Our voices are necessary and women make up a majority of the theater-going public. So why are women so underrepresented? Why are most of the plays produced in New York written by men? Especially British men. Does the Y chromosome, voiced with a British accent, have some magical effect on the audience that will cause them to run out and fix the Gulf oil disaster, end the tragedy of war or stop domestic violence? No.

(Please read Winter Miller’s article from New York Magazine about playwright Lynn Nottage. She wrote “Ruined,” a Pulitzer Prize-winning play about rape in the Congo that still couldn’t get a Broadway production. Her play will be at the Geffen Theater in Los Angeles this season).

Do women and men tell stories differently? See relationships differently? See women differently? According to trends in American theater, you’d have to ask David Mamet, Neil Simon or Sam Shephard. Wait! Before you start screaming at me, let me say that these men all write well–but so do a lot of other people who don’t scratch their beards, cash their checks and sit complacent in the knowledge that certain forms of the Old World and the Old Rules are totally intact. At least in theater.

So yes, it matters that women and minorities and the LGBT community be represented on stage. We can’t assume that every woman playwright will be a feminist, but until we allow women their rightful portion of the theatrical pie, we’re denying our culture tasty and valuable voices.

I know some humdinger, brilliant women playwrights on both coasts. All of them have been produced, but deserve bigger and more frequent productions. So here’s my (very partial) list:

Deb Margolin, has won an OBIE for continually excellent work. Not easy to do. Let’s see more of her please!

Yes, yes, I said a list, so add: Alice Tuan, Laural Meade, O-Lan Jones, Linda Chapman and Kate Moira Ryan, Kelly Stuart, Ellen McLaughlin, Diane Rodriguez, Joan Lipkin , Eisa Davis, Janice Perry, Kara Lee Corthron, Kia CorthronLaura Eason, Sally Oswald, Crystal Skillman,Bess Wohl, Molly Rice, Savania Stanescu, Tanya Barfield, Kirstin Greenidge, Chiori Miyagawa, Kristin Newborn, Sherry Kramer, Cori Thomas, Winter Miller, Madeleine George, Anne Washburn, Trista Baldwin, Constance Congdon.

Now go see a play by a woman!

UPDATE: HELP US WITH OUR LIST: Please add, in the COMMENT box, the names of professional women in theater who deserve a shout-out! They can be directors, dramaturgs, designers, playwrights, choreographers, producers, etc. If we want to extol the virtues of women making theater, let’s do so RIGHT HERE on the MS. BLOG!

Comments

  1. Ms. Rubin makes a very serious point about women playwrights being unrepresented in today’s theatre world. First of all she’s right on about more women going to the theatre than men, (those Wednesday matinee buses all over Times Square are cash in the box office!) Therefore more plays by women might be an answer to the drought on Broadway that is bringing all kinds of antiques out of the French publishers ‘no royalties’ calendar rather than some fresh new presentations of the themes that have always made theatre the fascinating art form it is. Not all women playwrights are terrific, but there are many more good to excellent women playwrights than we are seeing on stage these days. Perhaps some kind of ‘community action’ is needed. Thanks again Susan, keep speaking truth to the Feminist Majority please!
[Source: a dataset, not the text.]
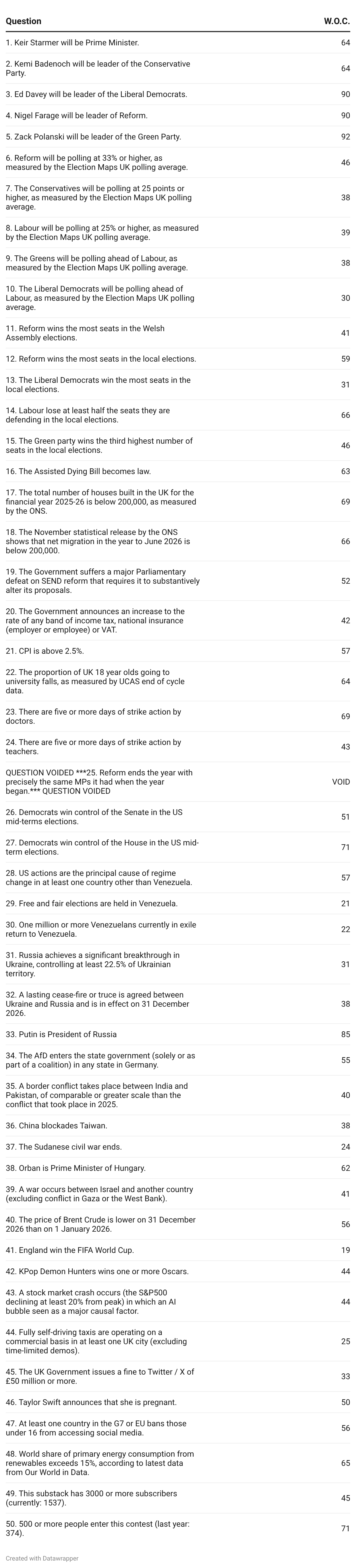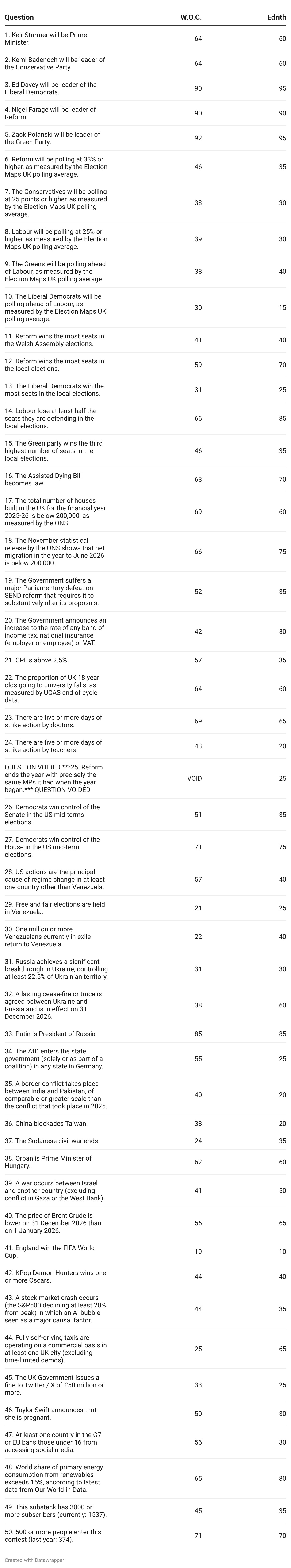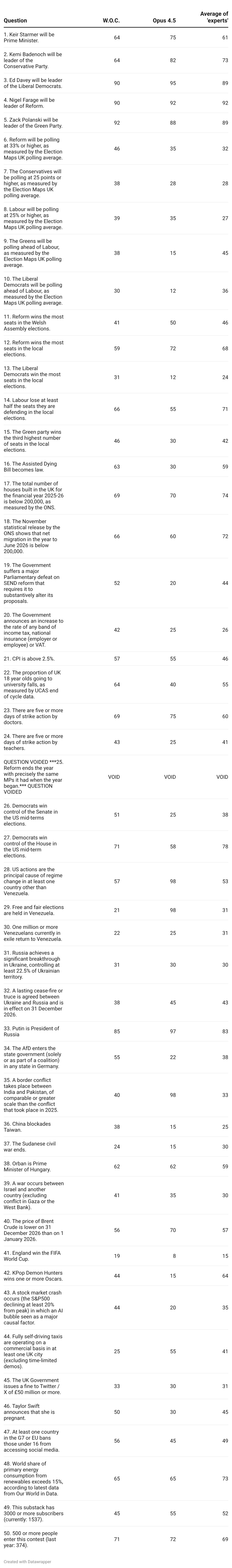 To look at two other forecasts of possible interest, reader Chris again used an AI - this time Opus 4.5 - to generate predictions.3 Last year the AI got a Brier score of 0.222 which would have put it 136th (35th percentile) - so better than the median human but well below the top performers. I must admit I think its forecasts this year look highly dubious, but its reasoning can be found here.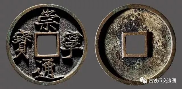 崇宁重宝,关于这个钱,到底是谁所书至今还在讨论,很多人认为其面文为蔡京所书,为什么会有这种猜疑呢?后人这样解释:钱上面蔡京故意把“崇”字的山和宗的竖笔上下贯通,连成一线;将“宁”字繁体之中的“心”省略,但这种说法被人否决,出土的崇宁重宝并没有出现这样版别的钱,不过这可让造假的有机可乘了,市面上一旦出现以上描述的钱币,肯定是仿品。

  2. Susan! I’m so glad to see more of your writing. I saw Nottage’s play RUINED at Oregon Shakespeare Festival and was stunned, and weeping by the end, because I felt so deeply the horror of a society of women being violated by men. It is so important to hear that story from a woman’s voice. I want that experience more often, to feel the depth of a woman’s understanding as she writes about women and about the men in a woman’s world.

  3. At least Sarah Ruhl is being produced on Broadway! I loved “In the Next Room (or the Vibrator Play”) and I hear she’s going to be doing “Orlando.” Support her work, Ms. readers!

  4. Right on. As an L.A. actor/oxymoron doing theatre–most of which is written by men–I appreciate a good female role no matter who wrote it because a gal’s gotta work, but when a good female role (like, say, Lane in Ruhl’s “The Clean House” or Katherine in Rubin’s own “Bitch”) is also written BY a woman, it always resonates more within and without. Call me crazy, it feels like home. And I want to go home more often.

  5. Carlos Degaleano says:

    Rubin’s article underscores a naked truth. Theater — supposedly a cutting-edge art form — is trailing its often-scorned counterpart, television drama.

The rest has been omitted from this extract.